Tout commence par des attouchements en jouant à la « bataille » quand elle a 11 ans. Plus tard, Miguel Antonio Abarzua Poblete demande à la plaignante si elle « sait c’est quoi un pénis ». « Je vais te monter, c’est pour ton bien. C’est pour que tu sois une bonne femme plus tard », poursuit l’accusé, selon le récit de Victoria.

Prétextant d’enseigner des exercices de danse à l’enfant, l’accusé en profite pour lui faire un cunnilingus, confie-t-elle. Désormais, chaque fois que l’occasion se présente, « Miguel » en profite pour agresser la préadolescente. « J’avais énormément confiance en lui », lâche-t-elle.
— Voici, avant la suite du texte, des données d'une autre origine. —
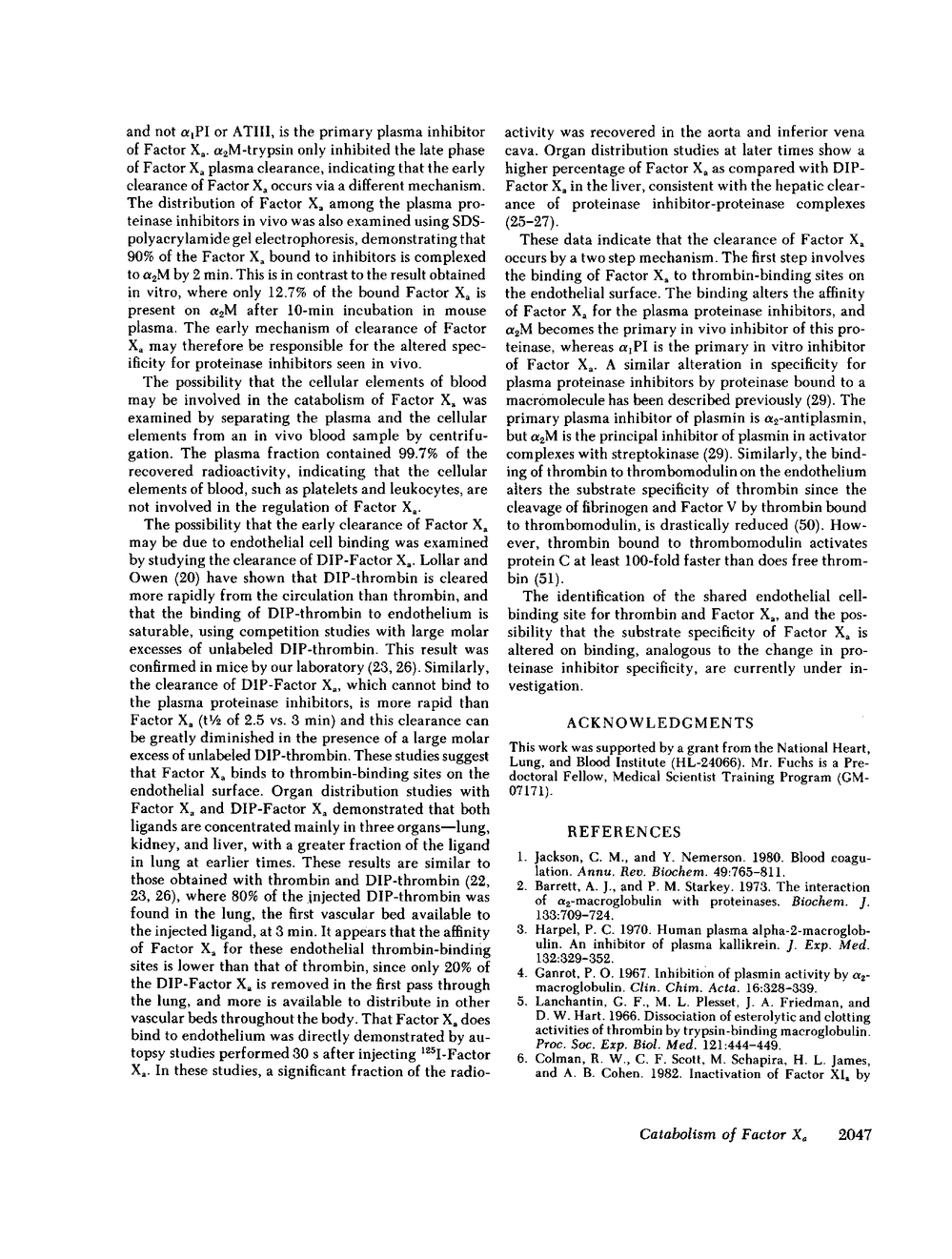 The regulation of human Factor Xa was studied in vitro in human and mouse plasma, and in vivo in mouse. In human plasma, 125I-Factor Xa bound to alpha 1-proteinase inhibitor, antithrombin III, and alpha 2-macroglobulin in a ratio of 4.9:1.9:1 as determined by gel electrophoresis and by adsorption to IgG-(antiproteinase inhibitor)-Sepharose beads. The distribution of Factor Xa in mouse plasma was similar. The clearance of Factor Xa in mice was rapid (50% clearance in 3 min) and biphasic. alpha 1-Proteinase inhibitor-trypsin, even at a 2,000-fold molar excess, failed to inhibit the clearance of Factor Xa, while alpha 2-macroglobulin-trypsin inhibited only the later phase of clearance. The plasma clearance of diisopropylphosphoryl-Factor Xa was more rapid than native Factor Xa (50% clearance in 2.5 min), and the clearance was blocked by diisopropylphosphoryl-thrombin. Electrophoresis experiments confirmed that by 2 min after injection into the murine circulation, 90% of the bound Factor Xa was on alpha 2-macroglobulin, in marked contrast to the in vitro results. Organ distribution studies at 3 and 15 min with 125I-Factor Xa demonstrated that the majority of radioactivity was in the liver, with significant radioactivity also present in lung and kidney. Autopsies performed 30 s after injection of 125I-Factor Xa also demonstrated significant binding to the aorta and vena cava. These studies indicate that Factor Xa binds to specific thrombin-binding sites on endothelial cells, and that this binding alters its proteinase inhibitor specificity. Factor Xa binds to alpha 2-macroglobulin in vivo, whereas the predominant in vitro inhibitor of Factor Xa is alpha 1-proteinase inhibitor.

« C’est rien, tu vas t’habituer »

Victoria a longuement raconté au jury sa première relation sexuelle avec pénétration, une agression particulièrement scabreuse qui s’est déroulée au garage de Miguel Antonio Abarzua Poblete. Des photos des lieux ont d’ailleurs été présentées au jury.

« Il m’a dit : “Lève-toi”. Il m’a poussé vers la table, m’a enlevé le pantalon et les sous-vêtements. Il l’a fait par en arrière. Ça faisait mal. Je voulais qu’il arrête. Il disait que j’étais faible. Il disait : “C’est rien, tu vas t’habituer”. [Après], il m’a dit de me mettre à genoux. Il a éjaculé dans ma bouche. Ça m’a fait sentir sale », a décrit Victoria.

À une autre occasion, « Miguel » l’a de nouveau agressée dans le garage. « Il disait qu’il voulait que j’aie des orgasmes. J’avais 11 ans », a lâché Victoria. Le procureur de la Couronne, MHussein Hassan, lui a ensuite demandé si elle avait eu un orgasme. « Non, je n’ai pas eu d’orgasme », a-t-elle rétorqué, mal à l’aise.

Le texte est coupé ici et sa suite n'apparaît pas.